Infrastructure monitoring in Elasticsearch - Time & Space Complexity
When monitoring infrastructure with Elasticsearch, we want to know how the time to get results changes as we add more data.
We ask: How does searching logs or metrics grow when the system gets bigger?
Analyze the time complexity of the following Elasticsearch query for monitoring.
GET /infrastructure-logs/_search
{
"query": {
"bool": {
"filter": [
{ "term": { "host.name": "server1" } },
{ "range": { "@timestamp": { "gte": "now-1h" } } }
]
}
}
}
This query finds logs from one server in the last hour to monitor its status.
Look for repeated work done by Elasticsearch when running this query.
- Primary operation: Scanning log entries matching the filters.
- How many times: Once for each log entry in the time range and server.
As the number of logs grows, the work to find matching entries grows too.
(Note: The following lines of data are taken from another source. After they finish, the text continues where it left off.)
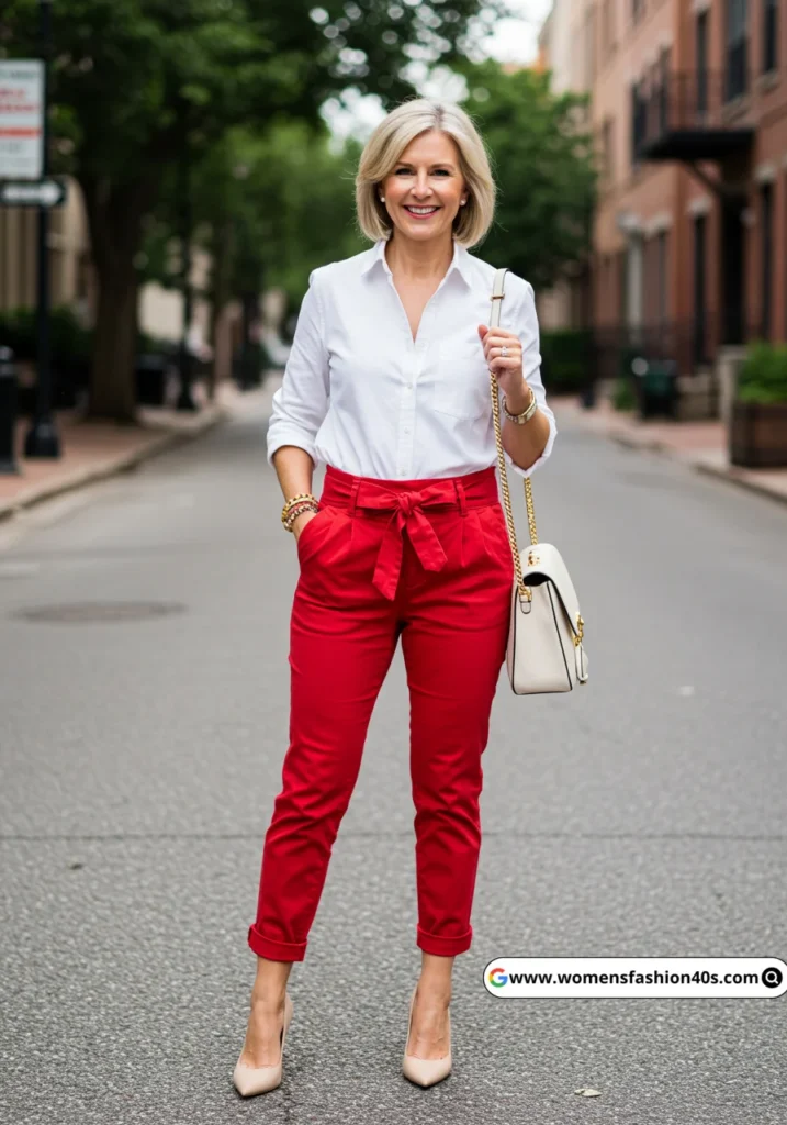 I felt bold and confident wearing red pants. Statista reports colorful bottoms are trending for women over 40, showing age doesn’t limit experimenting with vibrant tones.
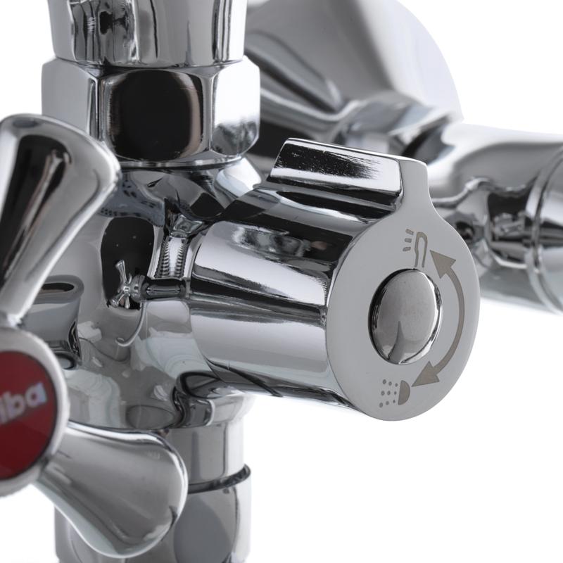 - Девіатор. Перемикання режимів роботи у поданому крані здійснюється за допомогою картриджа. Перевага цього девіатора - він не чутливий до тиску води. Тому незалежно від того, виконується подача чи ні, картридж автоматично не переключиться на початкове положення.
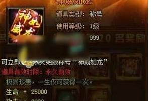网页游戏《武神赵子龙》中称号神威如龙能为玩家提升部分属性,并且每位玩家只能获得一次。接下来小编就来介绍一下《武神赵子龙》中称号神威如龙的获得方法,一起来看!称号神威如龙是专属全服消费排行榜第4-10名

| Input Size (n) | Approx. Operations |
|---|---|
| 10 logs | About 10 checks |
| 100 logs | About 100 checks |
| 1000 logs | About 1000 checks |
Pattern observation: The work grows roughly in direct proportion to the number of logs checked.
Time Complexity: O(n)
This means the time to get results grows linearly with the number of logs to check.
[X] Wrong: "The query time stays the same no matter how many logs there are."
[OK] Correct: More logs mean more data to scan, so the query takes longer as logs increase.
Understanding how query time grows helps you design better monitoring and explain system behavior clearly.
What if we added an index on the "host.name" field? How would the time complexity change?